The said Chapter is subdivided into nine parts as under:
Licensing
of Surveyors, Architects or Engineers, Structural Designers, Clerks
of Works and Plumbers;
Trade
licences and other licences for keeping animals and certain
articles;
Licences
for sale in municipal markets;
Licences
for private markets;
Licences
for sale of Articles of Food outside of Markets;
Licensing
of Butchers, etc.;
Licensing
for diary products;
Licences
for hawking, etc.; and 
General
Provisions regarding licences and Permits.
30.	A
bare perusal of the categories enumerated under Chapter XXII makes it
amply clear that none of the categories provide for licences or
permits in relation to annual permission fee or installation charges.
No other provision under the BPMC Act is pointed out by the learned
advocates for the respondents which would enable the respondents to
levy and collect annual permission fee and installation charges for
mobile telecommunication towers put up by Cellular companies. Thus,
insofar as the BPMC Act is concerned, the same does not contain any
provision which provides for levy and collection of annual permission
fee and installation charge in respect of mobile telecommunication
towers.
31.	A
faint attempt had been made to suggest that the provisions of section
253 and 254 of the BPMC Act which provides for Notice to be given
to Commissioner of intention to erect building and Notice to be
given to Commissioner of intention to make additions, etc. to
building both of which fall under Chapter XV under the heading
Building Regulations , would be applicable to erection of mobile
telecommunication towers. However, the said contention is irrelevant
inasmuch as in the present case we are concerned with the imposition
of annual permission fee and installation charges and not with grant
or breach of building permission.
32.	It
has been contended on behalf of the respondents that in view of the
fact that under the provisions of section 26 and 29 of the Town
Planning Act, it is incumbent to obtain permission for installation
of mobile telecommunication towers and that while processing an
application for permission to put up a mobile telecommunication
tower, the authority is well within its right to levy scrutiny fees
etc. under the provisions of the Town Planning Act. Therefore,
insofar as installation charges are concerned, the decision of the
Division Bench in the case of Reliance Communication Limited (supra)
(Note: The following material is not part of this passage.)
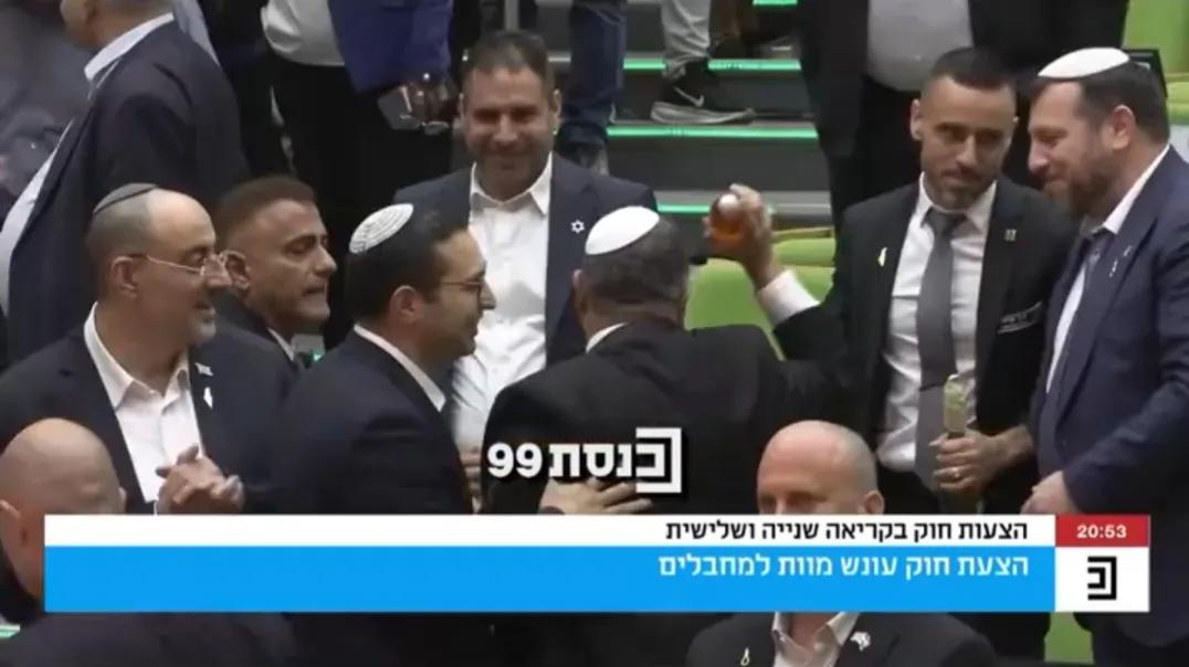 以色列议会以62票赞成、48票反对的表决结果,通过了一项死刑法案,授权法官对其认定实施“致命袭击”的约旦河西岸巴勒斯坦人判处死刑。而且判处死刑无需“合议庭”的法官一致同意,仅需简单多数即可。此外,法案还规定,由以色列监狱管理局在法院判决作出后90天内执行死刑,且不设上诉权。 这项死刑法案是以色列国家安全部长本-格维尔领导的“犹太力量党”推动的。死刑法案通过之后,本-格维尔欣喜若狂,在以色列议会大厦外喝酒庆祝。本-格维尔表示:“很快我们将一个一个地清算他们。” 以色列这种法西斯手段,使其和巴勒斯坦之间的仇恨越结越深。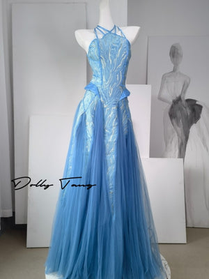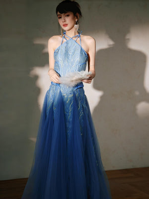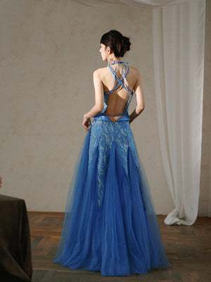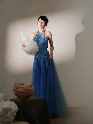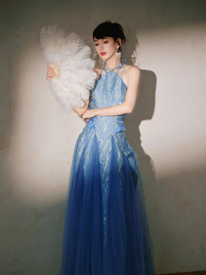 - Halter cross design, Sexy missing back details, Patchwork Gauze fabric, Full hemline.

would not be applicable. In this regard it may be pertinent to refer
to Chapter 3 of the GDCR which provides for Procedure for Securing
Development . Regulation 3.1 thereof provides for Application
for development permission and Regulation 3.2 makes provision for
scrutiny fee . Regulations 3.2.1 to 3.2.7 lay down different
types of development and the corresponding rates of scrutiny fee.
However, none of the types of development referred to in the said
regulations are in respect of mobile telecommunication towers. Hence,
there is no provision for scrutiny fee in relation to erection of
mobile telecommunication towers. In the circumstances, the said
provisions cannot be stated to be the source of authority to levy
installation charge.
33.	A
perusal of the GDCR shows that specific provision is made in respect
of Telecommunication infrastructure which includes cellular mobiles,
under Chapter 21 thereof, and more particularly under Regulation
21.11. However, while sub-regulation (1) provides for regulation of
the location, type of structure, requirement and projection in
respect of such structures, sub-regulation (2) which provides for
Deposit and Fees lays down that the fees for erection and
maintenance of the
hoarding
shall be charged as decided by Competent Authority from time to time.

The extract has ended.